Point Alpha Memorial

Until 1990, the GDR border cut through the middle of Germany over a length of almost 1400 kilometers. Very little of the massive fortifications has been preserved. The largest memorial site commemorating German division is located between the states of Hesse and Thuringia. This is where the U.S Army’s observation post "Point Alpha" was located.

If there had been a Third World War between NATO and the Warsaw Pact, it probably would have started here. In an escalation of events, the West expected Soviet troops to advance near the city of Fulda in Hesse. The territory of the GDR extended far into the Federal Republic here and there were few natural obstacles. This area, known as the Fulda gap, was considered a “wasp’s waist” because an advance of eastern tanks would have separated the northern and southern NATO army groups. More than 150,000 soldiers and about 4,000 battle tanks and other armored vehicles faced each other here.

The U.S. observation post “Point Alpha” was situated on a 400-meter-high mountain on the West German side. This point offered a view far into the territory of the GDR. The Federal Republic had given the site to the U.S. Army in 1965. In 1968, it erected an observation tower, first of wood, later of steel and finally, in 1985, of concrete.

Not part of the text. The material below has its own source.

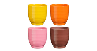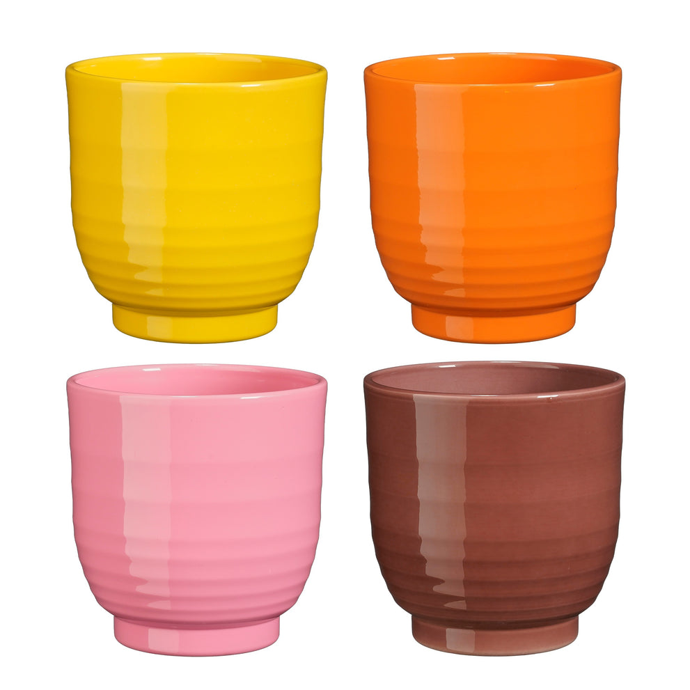 Lisa pot rond geel d.rood roze oranje 4 assorti - h13,5xd13,5cm

The site was abandoned after German reunification, and was listed as a historical monument in 1995. A memorial began its work here three years later. A section of the eastern border strip was added to the memorial at a later date.

Today, the memorial site includes three barracks on the western side, a motor vehicle hall and an observation tower from the former U.S. base. On the eastern side, the memorial includes a reconstructed GDR border facility and an art installation. The “House on the Border,” which contains a permanent exhibition, was built on the former patrol road of the GDR border troops. A former observation tower of the GDR border troops is also open to visitors. Almost 100,000 visitors come to the memorial each year. It is run by the Point Alpha Foundation, founded in 2008, which also operates an educational academy.